Tengo un saltamontes en la almohada, nena. Tengo grillos en la comida.

¿Me estaba cantando a mí? ¿Me había visto sentado allí, notado la expresión de mi cara? ¿Sabía cómo me sentía? Era una canción vieja y triste. Tal vez me había visto; tal vez no. No podía decirlo, pero eso parecía.

Pris es salvaje, pensé. No es parte de nosotros. Pris es primitiva de una manera horrible; todo lo que tiene que ver con la gente, todos los que estamos aquí, fracasan al tocarla. Cuando uno la mira ve el pasado distante; nos ve tal como empezamos hace un millón, dos millones de años…

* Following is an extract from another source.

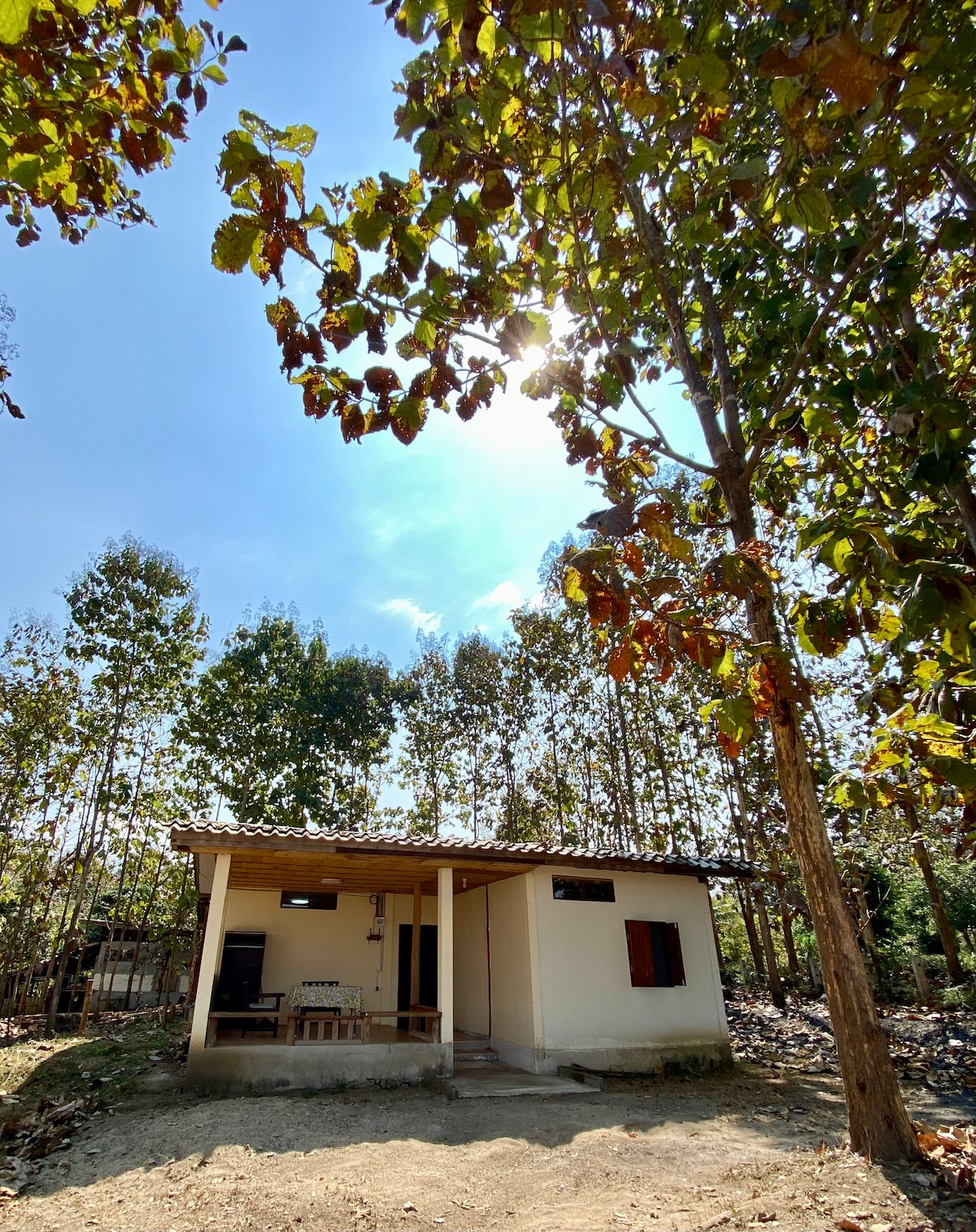 Við erum með 4 tekk viðarbústaði með þægilegum rúmum, sérbaðherbergi með heitum sturtum+viftu og moskítóneti. Við ræktum lífræna ávexti og grænmeti á staðnum til að bjóða upp á Sweet & Salty Café/veitingastað á staðnum þar sem þú getur fengið bakarí, brauð, taílenskan og Shan staðbundinn mat ásamt kaffi og te Við erum með 4 tekk viðarbústaði með þægilegum rúmum, sérbaðherbergi með heitum sturtum+viftu og moskítóneti.

La canción que entonaba Earl Grant; ésa era una de las formas de domarnos, de cambiarnos, de modificarnos lentamente una y otra vez en incontables maneras. El Creador aún trabajaba, aún moldeaba lo que en la mayoría de nosotros estaba sin acabar. Pero no con Pris; no era posible moldearla más, ni siquiera él podía hacerlo.

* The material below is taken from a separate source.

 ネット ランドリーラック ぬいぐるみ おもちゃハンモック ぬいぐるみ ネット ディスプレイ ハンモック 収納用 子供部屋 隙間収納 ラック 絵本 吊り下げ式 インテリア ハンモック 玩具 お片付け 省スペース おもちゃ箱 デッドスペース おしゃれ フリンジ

He visto lo otro cuando vi a Pris. ¿Y dónde me he quedado? Esperando sólo la muerte, como el simulacro Booth cuando ella se quitó el zapato. El simulacro Booth había recibido finalmente su merecido por lo que había hecho hacía más de un siglo. Antes de su muerte, Lincoln había soñado que moría asesinado, había visto en su sueño un ataúd con crespones negros y procesiones llorando. ¿Había sentido este simulacro alguna premonición anoche? ¿Había soñado de alguna manera mecánica y mística?

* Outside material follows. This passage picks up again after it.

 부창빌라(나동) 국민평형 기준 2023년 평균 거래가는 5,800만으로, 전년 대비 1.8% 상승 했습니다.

Todos lo veríamos. Chug-chug. La mancha negra del tren pasando por medio de campos de trigo. La gente asomada siendo testigo, quitándose el sombrero. Chug-chug.

El tren negro con el ataúd guardado por soldados de azul que llevaban armas y que no se movían nunca, desde el principio hasta el fin del largo, largo viaje.

—Señor Rosen.

Me hablaba alguien al lado. Una mujer.

Sorprendido, alcé la mirada. La señorita Nild me estaba hablando.

—¿Quiere ayudarnos? El señor Barrows ha ido a buscar el coche; quiere que metamos en él al simulacro Booth.

—Oh, claro —asentí.

Mientras me ponía en pie miré al Lincoln para ver si iba a unirse a nosotros. Pero el Lincoln estaba sentado con la cabeza inclinada y sumido en la más profunda melancolía, sin prestar atención a nosotros ni a lo que hacíamos. ¿Estaba escuchando a Earl Grant? ¿Estaba abrumado por su triste canción? No lo creía. Estaba encorvado, recogido, como si sus huesos se estuvieran convirtiendo en un hueso único. Y estaba completamente en silencio; ni siquiera parecía respirar.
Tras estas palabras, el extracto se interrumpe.